**Required work:** For every record beneath this instruction, give an exact repetition, omitting images.
Start of Given records
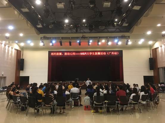 5月27日晚,由我校心理健康教育与咨询中心指导,我院承办的相约鼓圈,鼓动心间——M&R大学生鼓圈活动(广外站)在南校区学生活动中心顺利举行。出席本次活动的有经济贸易学院党委副书记陈静,信息科学与技术学院/网络空间安全学院党委副书记肖锋,我院党总支副书记张莉,心理健康教育与咨询中心主任阎茹。经贸学院、信息学院、艺术学院近一百名师生参加了本次活动。
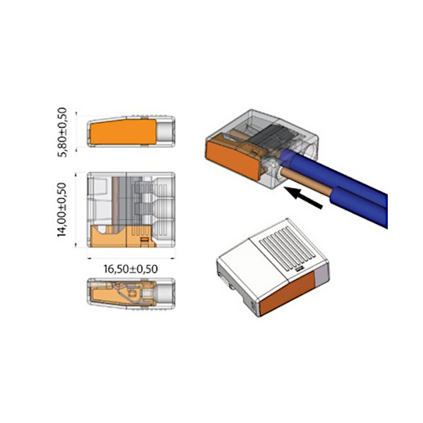 Inštalacijska mini sponka za trdo žico. Ergonomsko zasnovano ohišje, ki nudi popolno zaščito proti dotiku in tehnologija “twist&pull”, ki omogoča enostavno iztaknitev že vgrajenega vodnika.
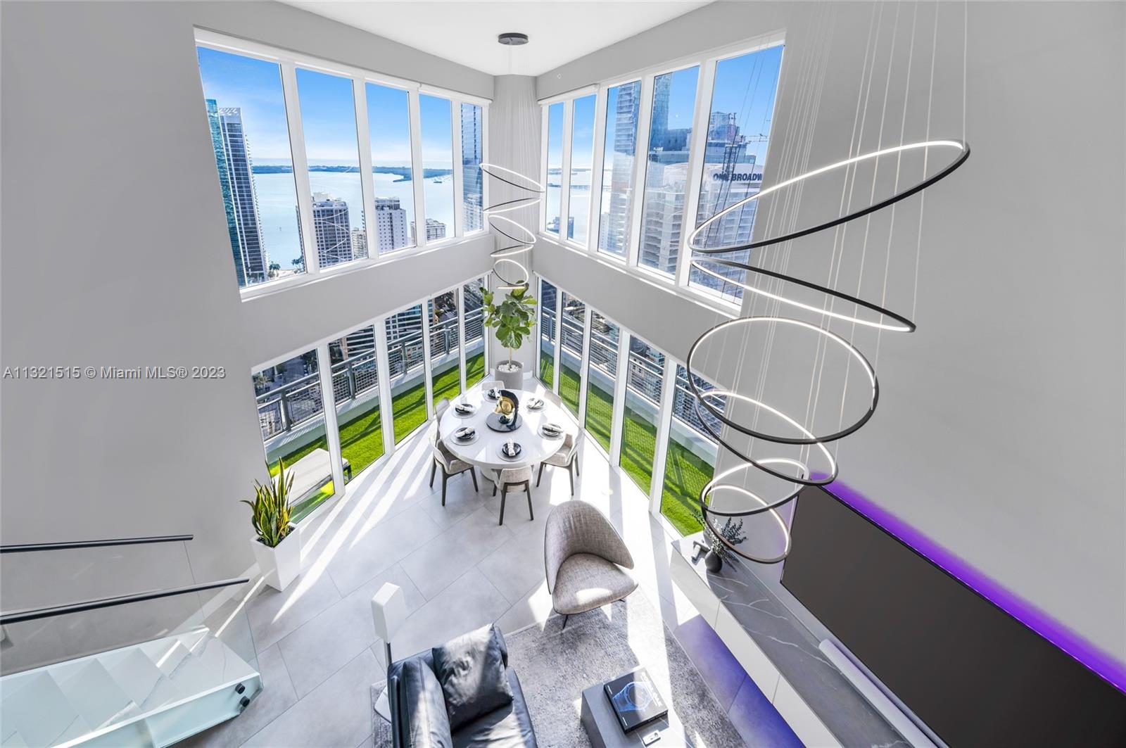 This astonishing and visually dramatic two story residence at Infinity at Brickell is a one of a kind corner unit just remodeled in 2022. Floating 36 floors up on the south east corner with expansive views of the bay, ocean and the city. This unit will wow you from the very entrance with the double height ceilings and floor to ceiling glass windows that make you feel like you are in the clouds. This 2,415 sq ft 3 bedroom, 3.5 bathroom features custom floating staircase, Architectural Lightning, floating vanities, luxury toilets, custom closet cabinetry, and more. Building amenities include: pool, jacuzzi, sauna, steam room, bike storage, 24hr security, concierge, valet parking, and a cafe´/market in the lobby. Enjoy walking to everything Brickell has to offer.
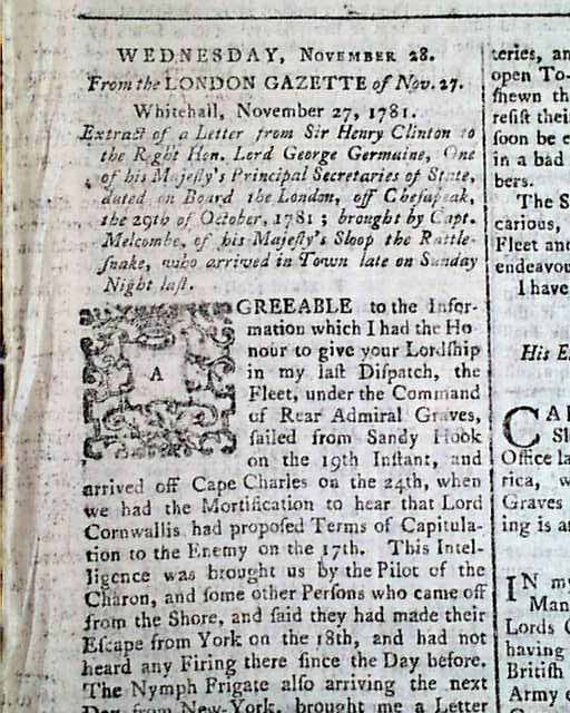 * ...when we had the mortification to hear that Lord Cornwallis had proposed terms of capitulation to the enemy on the 17th. This intelligence was brought us...other persons who came off from the shore & said they had made their escape from York on the 18th...Comparing therefore the intelligence given by these people & several others...we cannot entertain the least doubt of his Lordship's having capitulated & that we are unfortunately too late to relieve him...
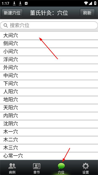 3、在穴位頁面,設(shè)有搜索框,用戶能夠輸入穴位名稱,快速定位大間穴、側(cè)間穴等董氏針灸穴位,了解穴位的相關(guān)信息,如位置、主治病癥等。
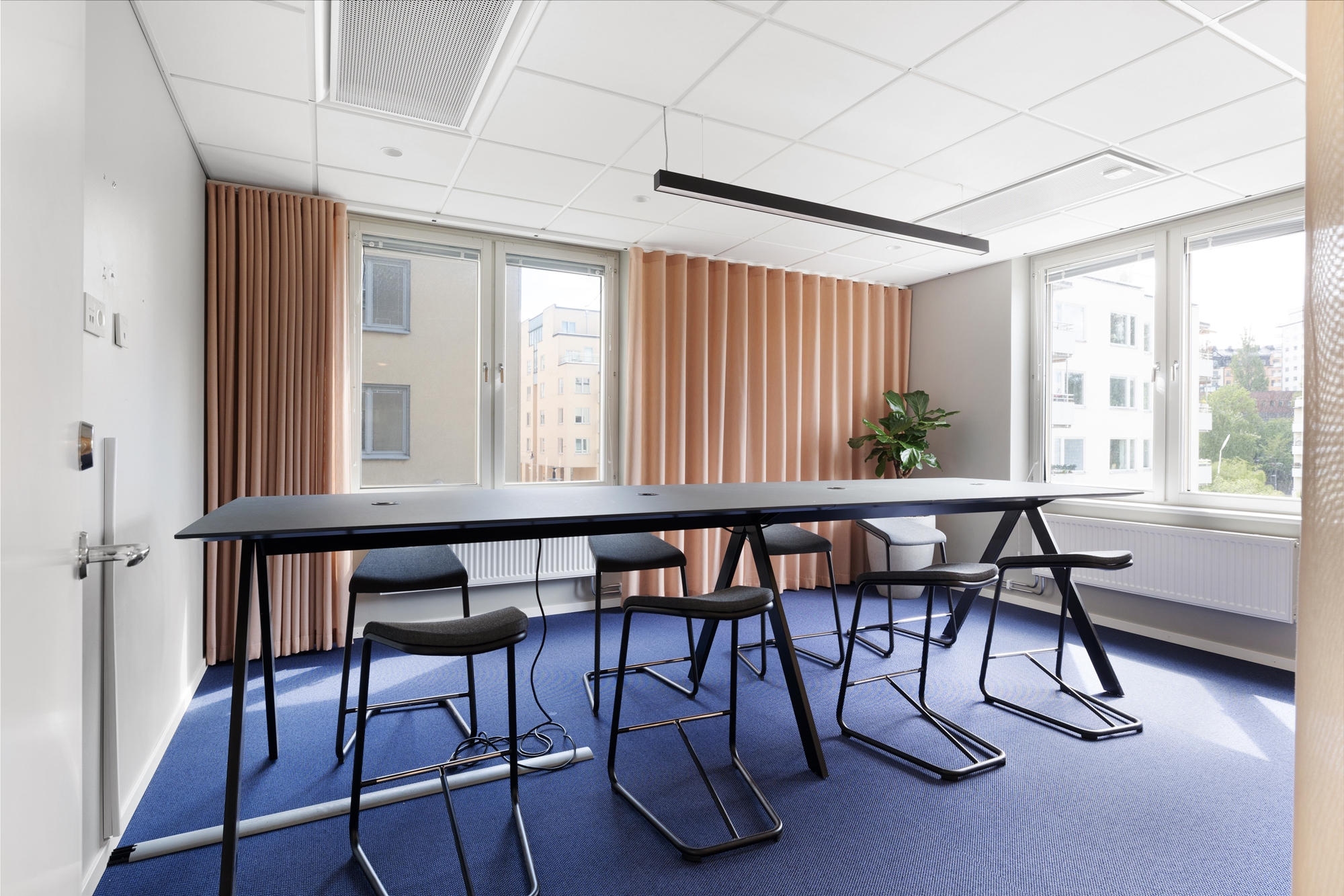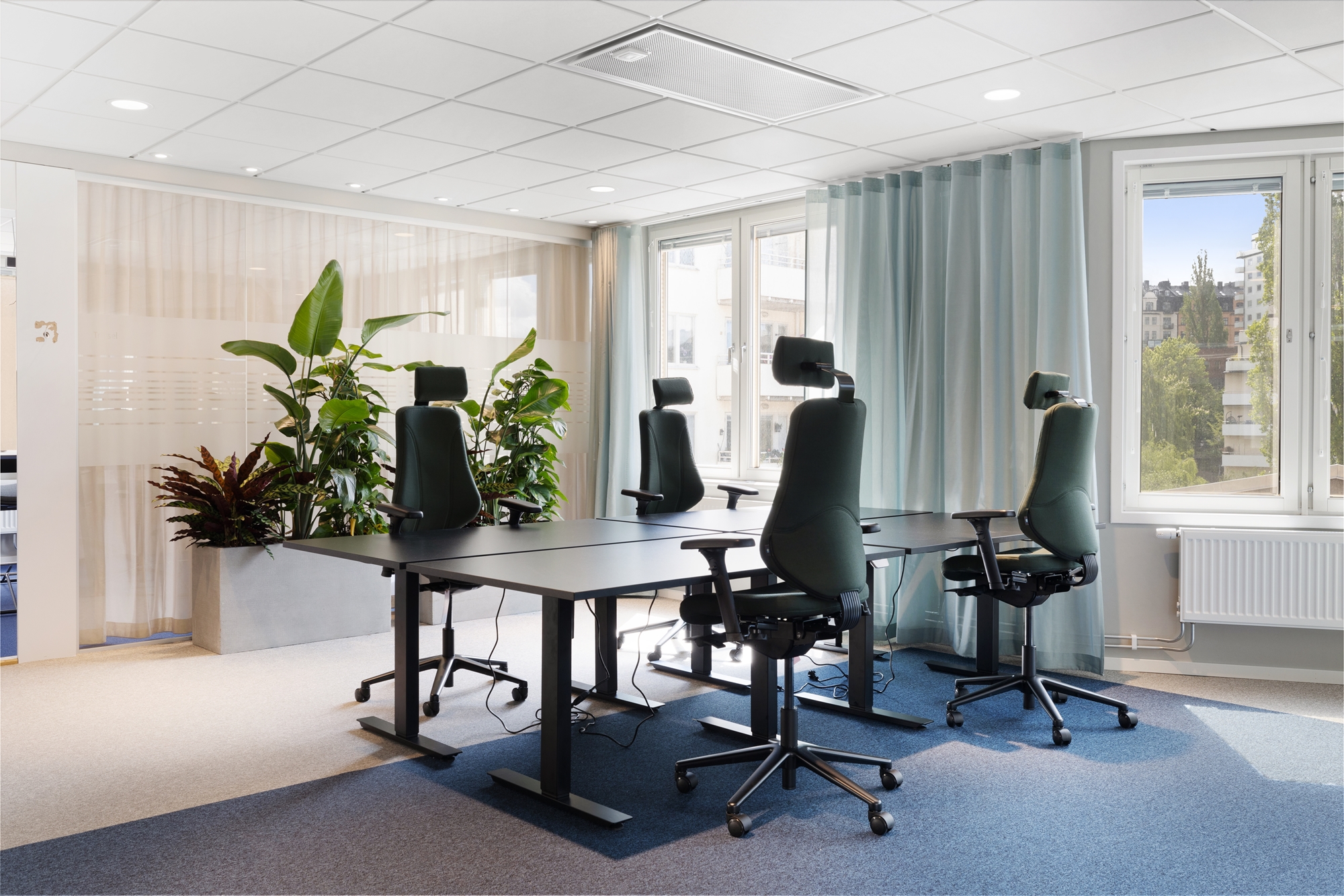 Fönsterpartierna släpper in rikligt med ljus och ger en härlig utsikt över Klara Sjö och Kungsholmen, vilket skapar en inspirerande och trivsam arbetsmiljö.
End of Given records
**Completed task:**
 5月27日晚,由我校心理健康教育与咨询中心指导,我院承办的相约鼓圈,鼓动心间——M&R大学生鼓圈活动(广外站)在南校区学生活动中心顺利举行。出席本次活动的有经济贸易学院党委副书记陈静,信息科学与技术学院/网络空间安全学院党委副书记肖锋,我院党总支副书记张莉,心理健康教育与咨询中心主任阎茹。经贸学院、信息学院、艺术学院近一百名师生参加了本次活动。
 Inštalacijska mini sponka za trdo žico. Ergonomsko zasnovano ohišje, ki nudi popolno zaščito proti dotiku in tehnologija “twist&pull”, ki omogoča enostavno iztaknitev že vgrajenega vodnika.
 This astonishing and visually dramatic two story residence at Infinity at Brickell is a one of a kind corner unit just remodeled in 2022. Floating 36 floors up on the south east corner with expansive views of the bay, ocean and the city. This unit will wow you from the very entrance with the double height ceilings and floor to ceiling glass windows that make you feel like you are in the clouds. This 2,415 sq ft 3 bedroom, 3.5 bathroom features custom floating staircase, Architectural Lightning, floating vanities, luxury toilets, custom closet cabinetry, and more. Building amenities include: pool, jacuzzi, sauna, steam room, bike storage, 24hr security, concierge, valet parking, and a cafe´/market in the lobby. Enjoy walking to everything Brickell has to offer.
 * ...when we had the mortification to hear that Lord Cornwallis had proposed terms of capitulation to the enemy on the 17th. This intelligence was brought us...other persons who came off from the shore & said they had made their escape from York on the 18th...Comparing therefore the intelligence given by these people & several others...we cannot entertain the least doubt of his Lordship's having capitulated & that we are unfortunately too late to relieve him...
 3、在穴位頁面,設(shè)有搜索框,用戶能夠輸入穴位名稱,快速定位大間穴、側(cè)間穴等董氏針灸穴位,了解穴位的相關(guān)信息,如位置、主治病癥等。
 Fönsterpartierna släpper in rikligt med ljus och ger en härlig utsikt över Klara Sjö och Kungsholmen, vilket skapar en inspirerande och trivsam arbetsmiljö.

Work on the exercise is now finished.